With the help of an English-speaking interpreter named Ahmed, Abdullah communicated with the News of the World in sign-language.

"I love her,'' he gestured to Olene, his eyes shining. "She is my gift from God. She is worth 20,000 human beings. And I can hear her — underwater I can hear her clicks."

Abdullah is so besotted with Olene he gets up early each day to hunt for her favourite breakfast . . . octopus.

The dolphin responds immediately when Abdullah taps the side of his boat, no matter where she is.

Within seconds, onlookers spot the familiar black fin cutting through the water. Although there are often children swimming nearby, Olene is careful not to bump into them.

The pair then perform the most graceful acrobatics in the water. She carries him on her back down to the ocean bed, playfully flips him over then takes him back to the surface.

One tourist remarked: "The guy only has to whistle, and the dolphin is scooting across to him on her tail. You'd think they were reading each other's minds. I've never seen anything like it in my life."

Thirty-year-old Abdullah gestured frantically to make us understand how he first met Olene. Pal Ahmed continued to interpret, saying: "Four years ago I was fishing in my boat a few miles south of where I live. I found a dolphin trapped in a net tangled on the coral 35ft below.

''I dived, freed her and carried her to the surface. I returned later to see if she was OK, then I began to swim with her each day.

"After a while she started to play with me, she recognised my boat. I banged the side and Olene would leap out of the water."

"One day, I found her by a dead dolphin, harpooned through the head. It could have been her mother or her mate — but Olene was now totally alone.

"She followed my boat back to the village and now she lives here with me. At first she was quite jealous — when I swam with friends. She would push them away."

"Now, each morning I go hunting to feed Olene.
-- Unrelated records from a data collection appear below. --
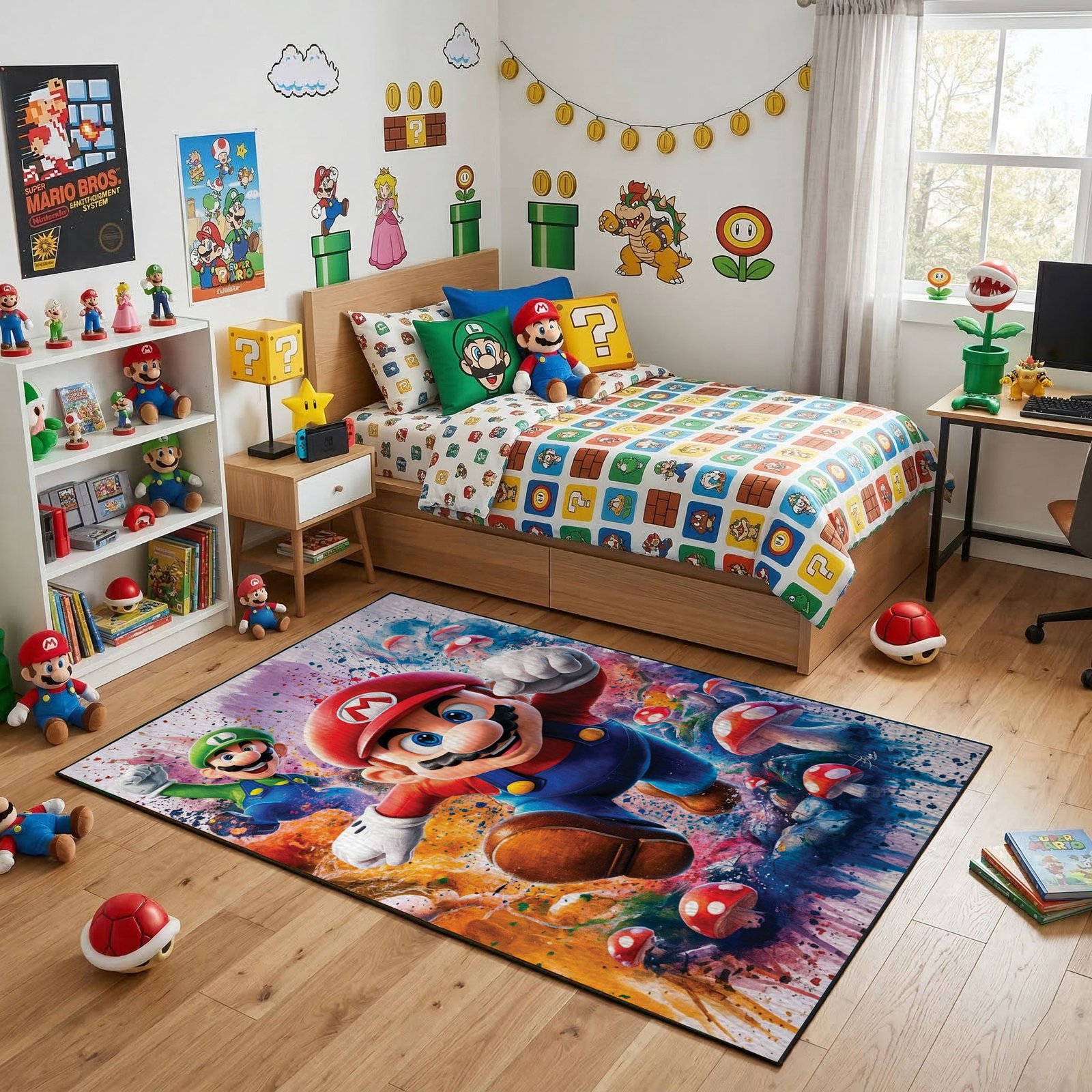 This Super Mario rug features a vibrant splash art design showcasing Mario and Luigi in an energetic action scene that instantly captures the spirit of classic video games. The colorful paint explosion background adds dynamic visual movement, turning the rug into a striking centerpiece for any gamer bedroom or playroom. The bold character artwork creates a nostalgic gaming atmosphere that fans of retro video games instantly recognize. Whether placed in a gaming setup, bedroom, or entertainment room, this rug adds personality, excitement, and iconic gaming culture to your space.Perfect Rug for Gamer Bedrooms and Gaming Setups
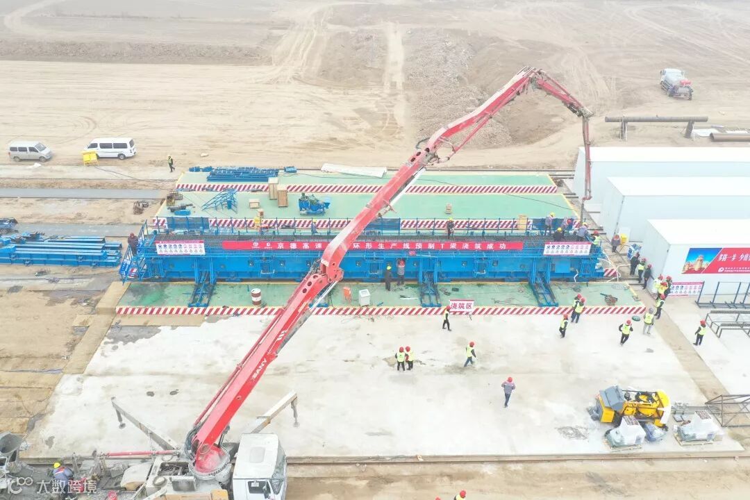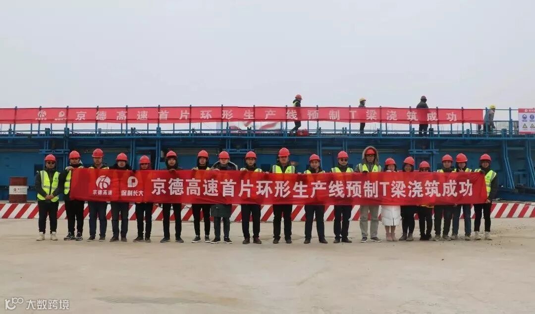 1月18日下午,经过近4个小时的奋战,京德高速ZT9标首片环形生产线预制T梁浇筑成功,这是全线18083片梁板中第一片由环形生产线浇筑的梁板,标志着项目主体工程建设再次取得重大进展。
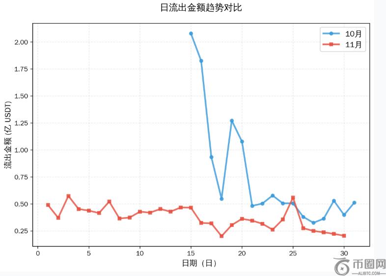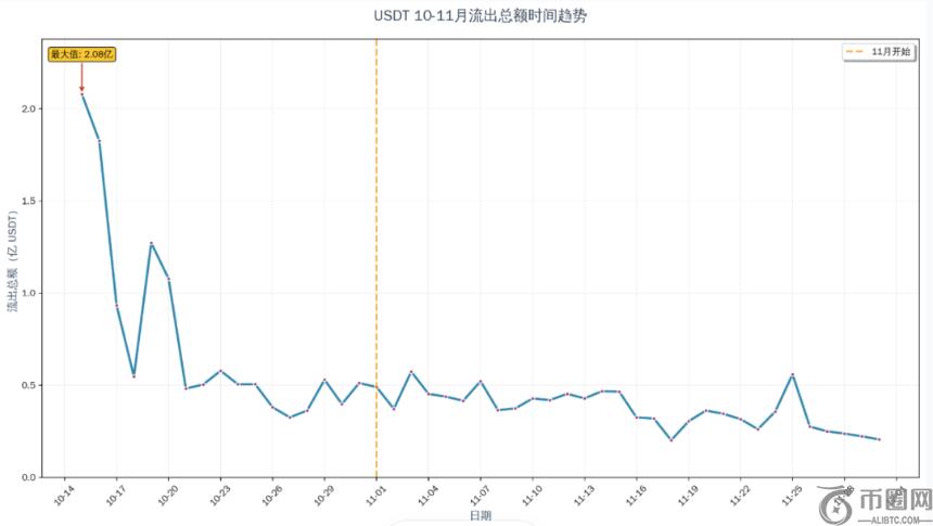 11月27日,汇旺支付开始限制提款额度,**于12月1日宣布暂停运营和提款。其USDT每日流出量的趋势如下图所示:
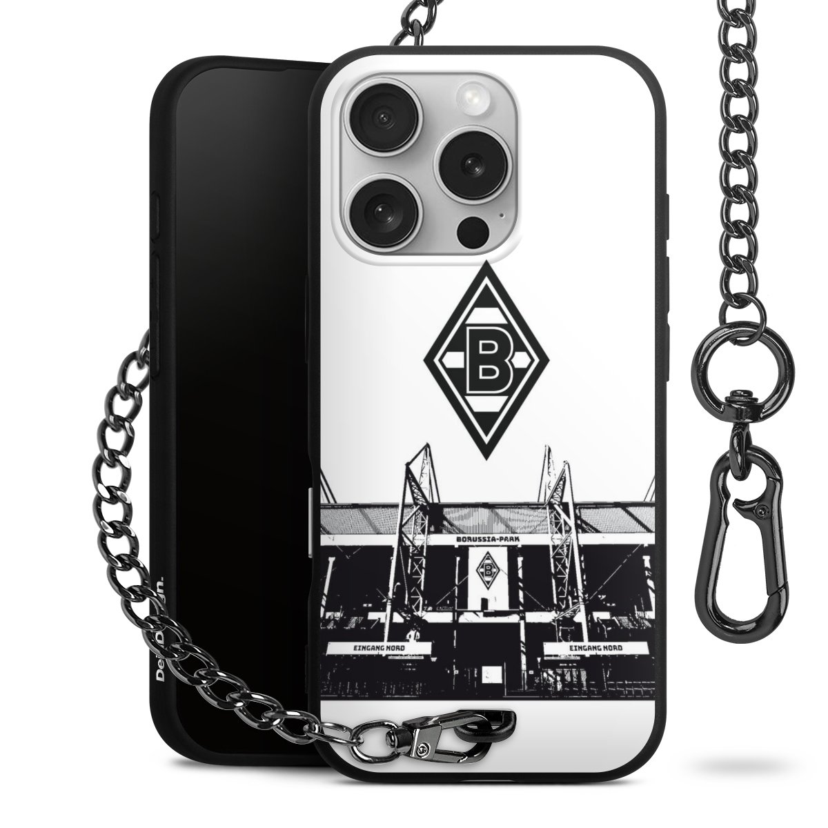 Die mattschwarze Silikon-Handyhülle besteht aus robustem TPU (thermoplastisches Polyurethan). Sie ist flexibel und schützt Dein Smartphone vor Stößen und Kratzern. Die Kette sowie der Karabinerhaken sind aus Metall in Gunmetal-Optik gefertigt. Für dieses Produkt kommen ausschließlich TÜV-geprüfte Materialien zum Einsatz.
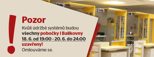 V rámci zkvalitnění a zmodernizování služeb České pošty dojde z důvodu implementace nového systému k dočasnému omezení poskytování služeb.
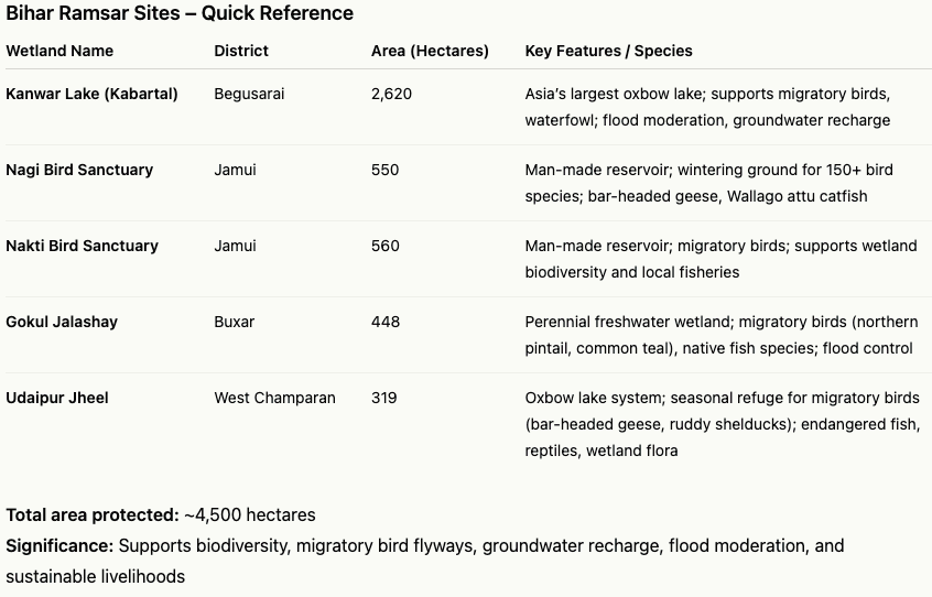 These two wetlands join Bihar’s three existing Ramsar sites — Kanwar Lake (Kabartal) in Begusarai district, designated in 2020 as Asia’s largest oxbow lake with an area of about 2,620 hectares, and Nagi and Nakti Bird Sanctuaries in Jamui district, listed in 2024 with a combined area of over 1,100 hectares. Nagi and Nakti are man-made reservoirs that have become key wintering grounds for over 150 bird species, including the vulnerable Wallago attu catfish and the globally important bar-headed goose. Together, Bihar’s five Ramsar sites now protect approximately 4,500 hectares of wetlands, contributing significantly to the Central Asian Flyway, which is used by migratory birds linking Siberia, Central Asia, and the Indian subcontinent.
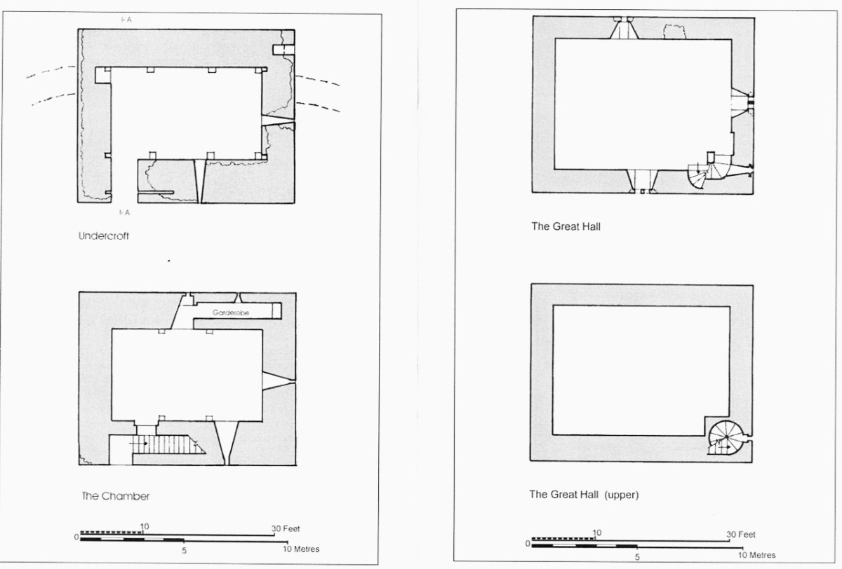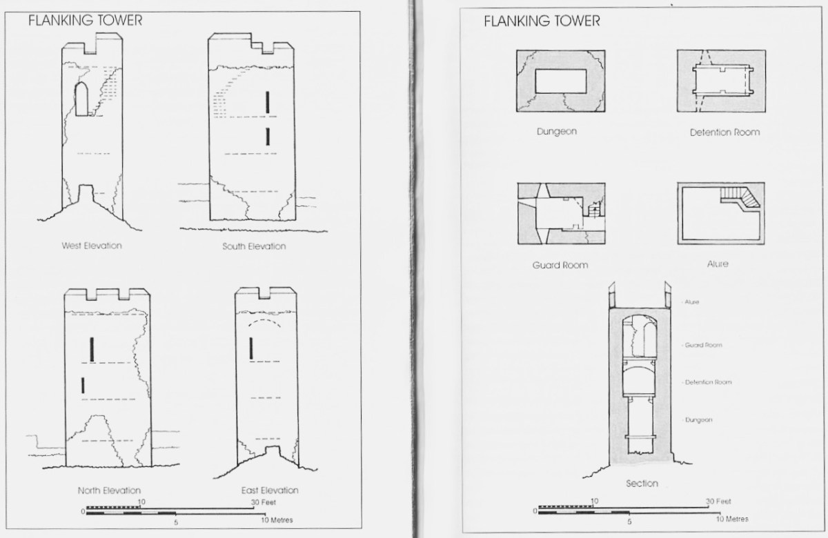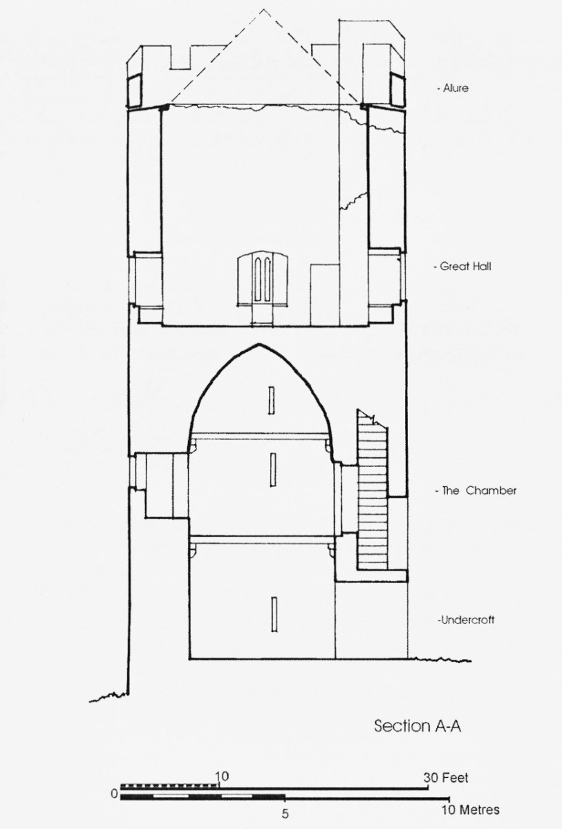 It’s much smaller than the castle, rectangular, and three stories high. The illustration above, by Jack Roberts, indicates the relative sizes. The way in was from the level of the curtain wall and each floor was connected by a ladder, except for the wall walk/allure, reached by a spiral stone stairs.

She likes octopus best — there are no bones." Renowned marine expert Oz Goffman is astounded by the bond between them.

He said: "She displays the same behaviour with Abdullah as she would with another dolphin. But she knows she has to swim slower for him. He spends a lot of time with her and she has great affection for him. He makes her happy.

"People pay to swim with Olene, but Abdullah isn't interested in the money for himself. If he were, he'd be a millionaire."

Abdullah may not be a millionaire, but Olene has brought him a lifestyle he could never have dreamed of. With money from tourists and scientists he is building a cafe.

He has already bought a new pick-up truck is proud of his Timberland boots and likes his coffee in his special Disney mug.

He has put up a sign on the beach: ''Maximum 7 swimmers a time. 15 minutes swim. Don't chase dolphin."

If swimmers get too boisterous Abdullah takes her away. He simply heads out to sea in his boat, whistles, and she follows.

To be fair, Olene has been a little fickle in her attentions.

The year before last a male dolphin caught her eye and she became pregnant

"When she was pregnant she needed much more food," explained Abdullah, signing through Ahmed. "She would come with me to my nets to fish." Olene's baby was named Jimmy — but sadly, he was not destined to live long.

Jimmy seemed fine on the morning he died. He was leaping from the sea, playing with children and looking for octopus.

HALF an hour later a young Bedouin girl found him dead. Heartbroken, Abdullah carried the baby dolphin's body from the sea.

After Jimmy died Olene only wanted to be with Abdullah. She would even butt other people who came near them.

"We don't know why Jimmy died," said Oz Goffman.

"But there's a high mortality rate in baby dolphins."

Now Olene seems to have returned to her old self - and on one of her rare trips from Abdullah's side, she has become pregnant again. We are very happy," signed Abdullah. ''She is my best friend in all the world."